## Action item
Further down are entries; set down exactly and only the lines from the one with "周囲にはキッズスペースもあり" up to and including the one with "Ensemble de jogging", dropping each picture.

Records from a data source
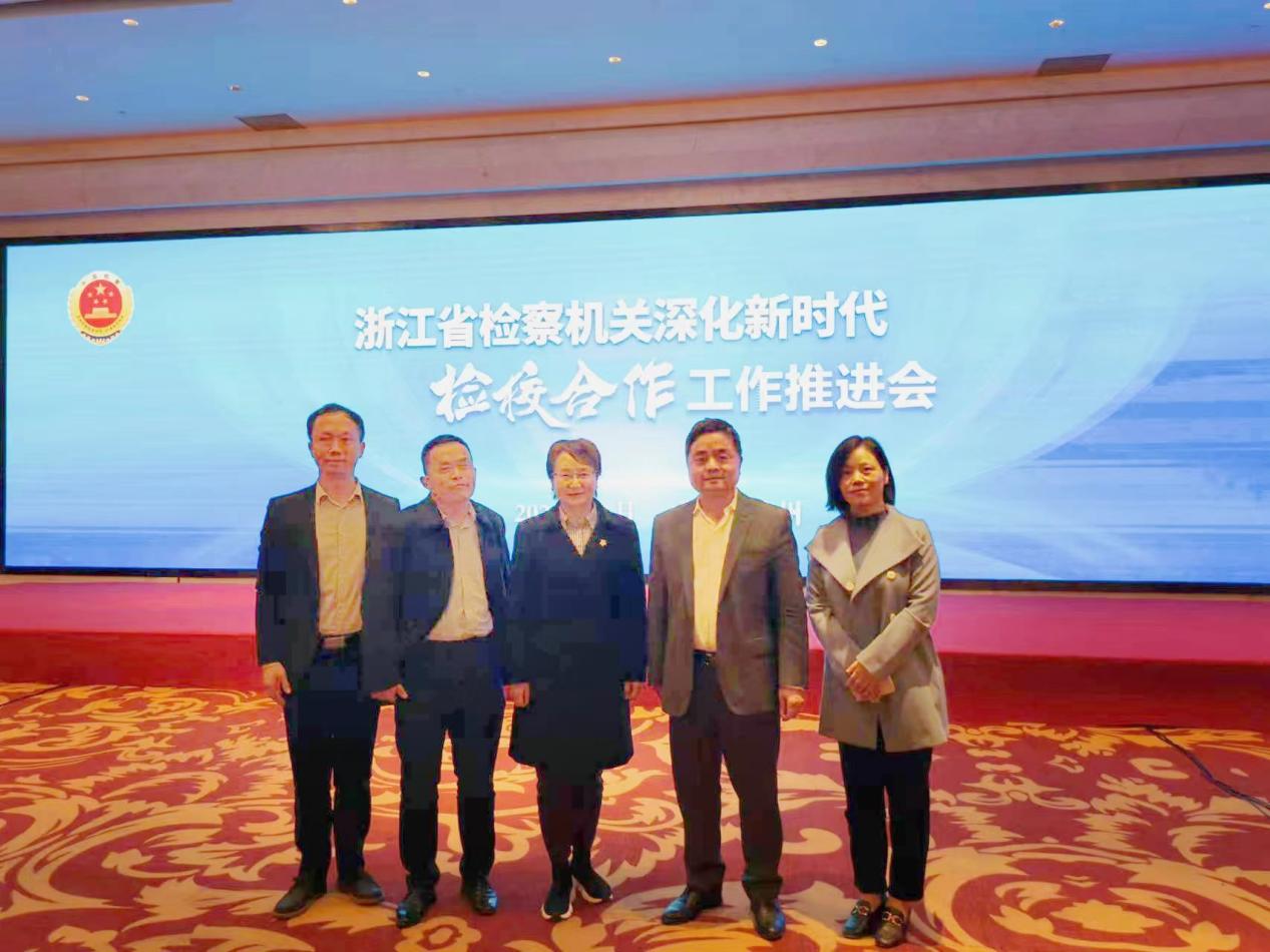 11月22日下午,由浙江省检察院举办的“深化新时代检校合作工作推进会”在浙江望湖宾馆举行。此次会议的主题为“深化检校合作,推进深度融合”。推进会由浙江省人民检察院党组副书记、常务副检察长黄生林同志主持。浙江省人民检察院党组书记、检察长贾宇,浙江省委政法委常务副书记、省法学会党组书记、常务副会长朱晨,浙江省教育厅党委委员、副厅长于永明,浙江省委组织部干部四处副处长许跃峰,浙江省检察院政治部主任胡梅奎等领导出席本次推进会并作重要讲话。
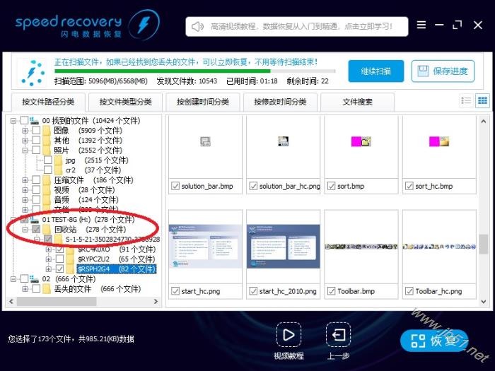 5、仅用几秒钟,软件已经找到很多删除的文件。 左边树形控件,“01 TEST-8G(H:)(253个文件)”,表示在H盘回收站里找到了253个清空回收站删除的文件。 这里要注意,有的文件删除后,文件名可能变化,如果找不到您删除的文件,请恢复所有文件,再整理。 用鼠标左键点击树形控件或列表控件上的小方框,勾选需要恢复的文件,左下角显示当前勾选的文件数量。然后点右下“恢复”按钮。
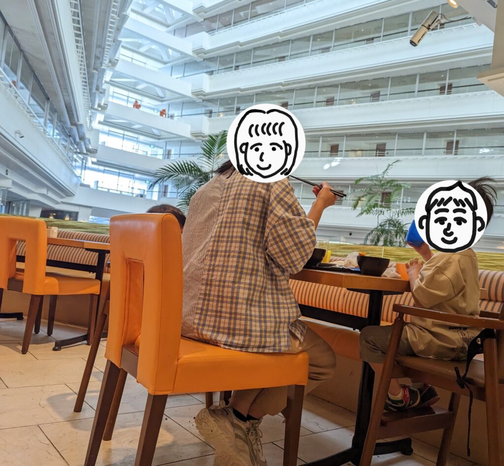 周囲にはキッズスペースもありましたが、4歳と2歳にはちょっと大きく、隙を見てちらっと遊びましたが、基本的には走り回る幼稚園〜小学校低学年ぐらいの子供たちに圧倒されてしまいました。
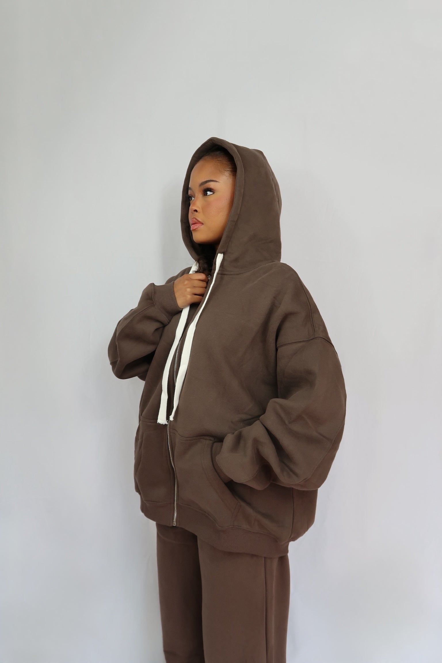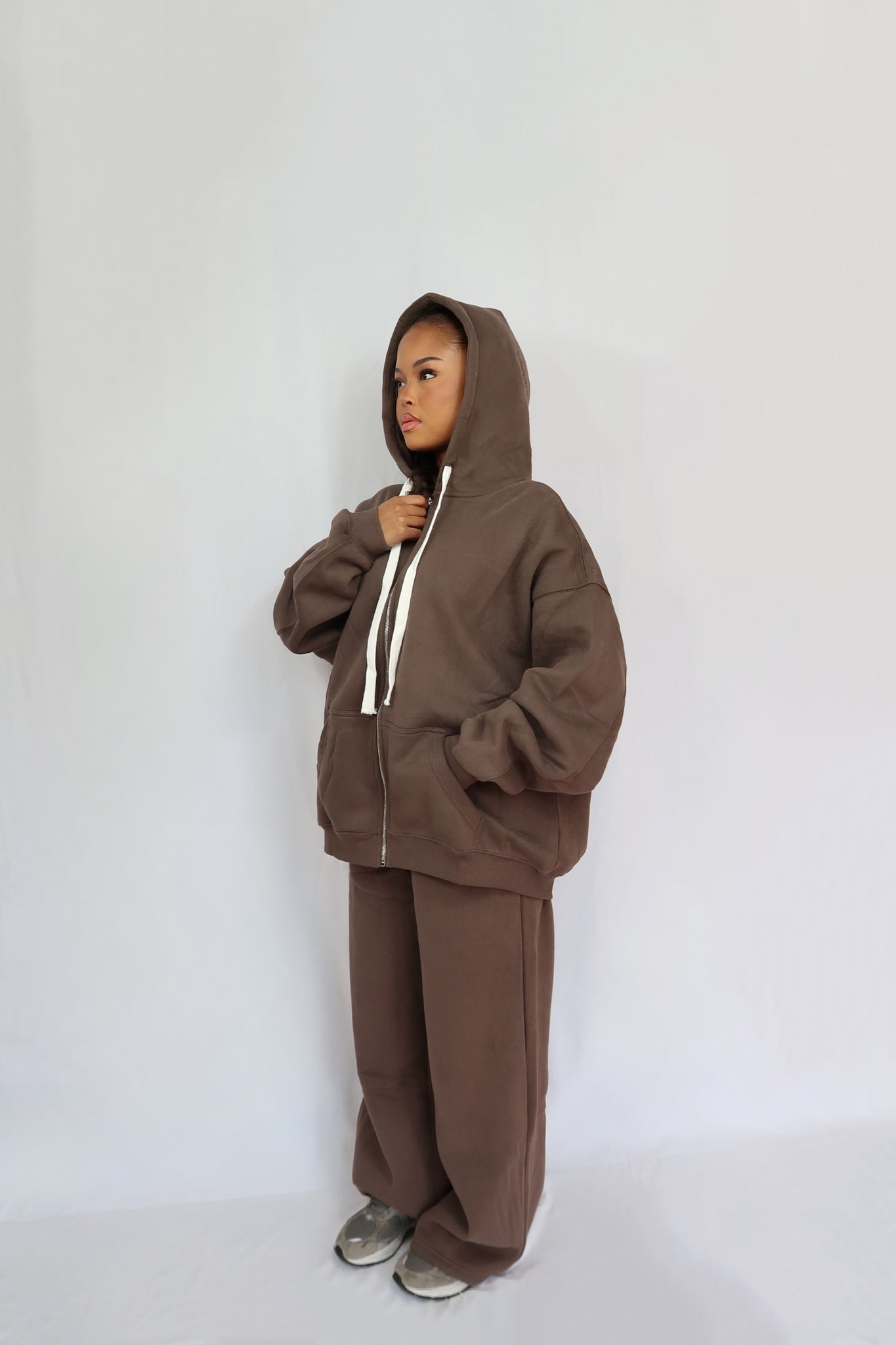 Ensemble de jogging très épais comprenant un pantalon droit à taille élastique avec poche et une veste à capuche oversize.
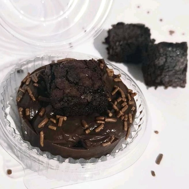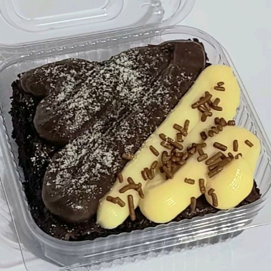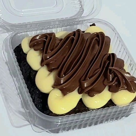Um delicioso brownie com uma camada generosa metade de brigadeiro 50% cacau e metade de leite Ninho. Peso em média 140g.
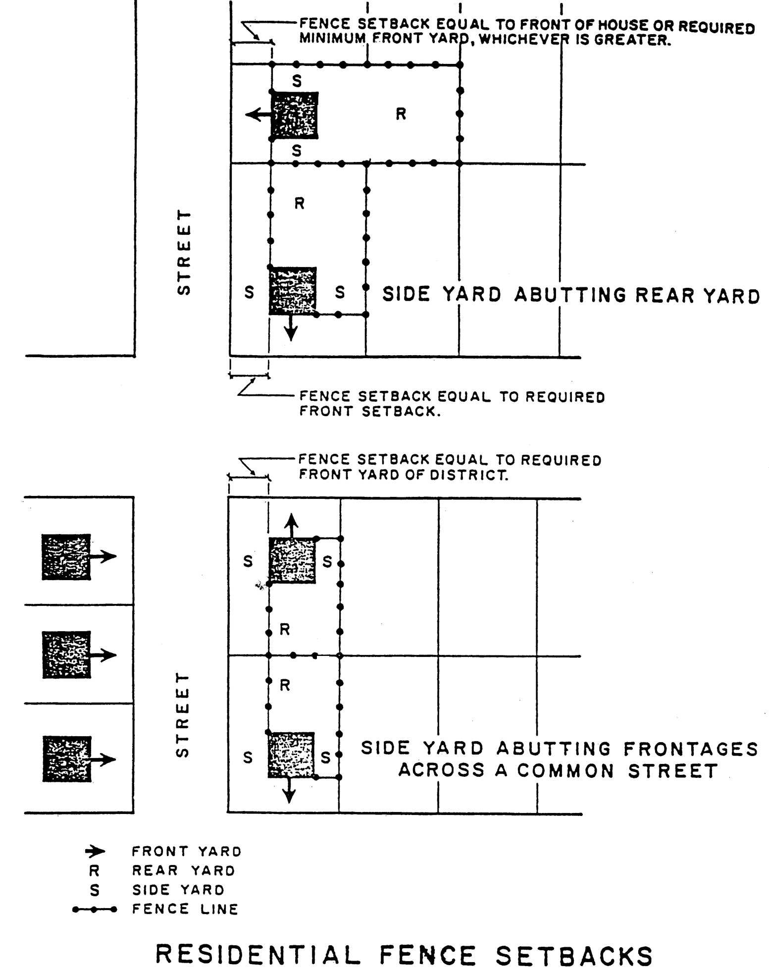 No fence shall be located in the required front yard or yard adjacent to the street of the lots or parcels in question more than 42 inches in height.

## Output of the exercise
 周囲にはキッズスペースもありましたが、4歳と2歳にはちょっと大きく、隙を見てちらっと遊びましたが、基本的には走り回る幼稚園〜小学校低学年ぐらいの子供たちに圧倒されてしまいました。
 Ensemble de jogging très épais comprenant un pantalon droit à taille élastique avec poche et une veste à capuche oversize.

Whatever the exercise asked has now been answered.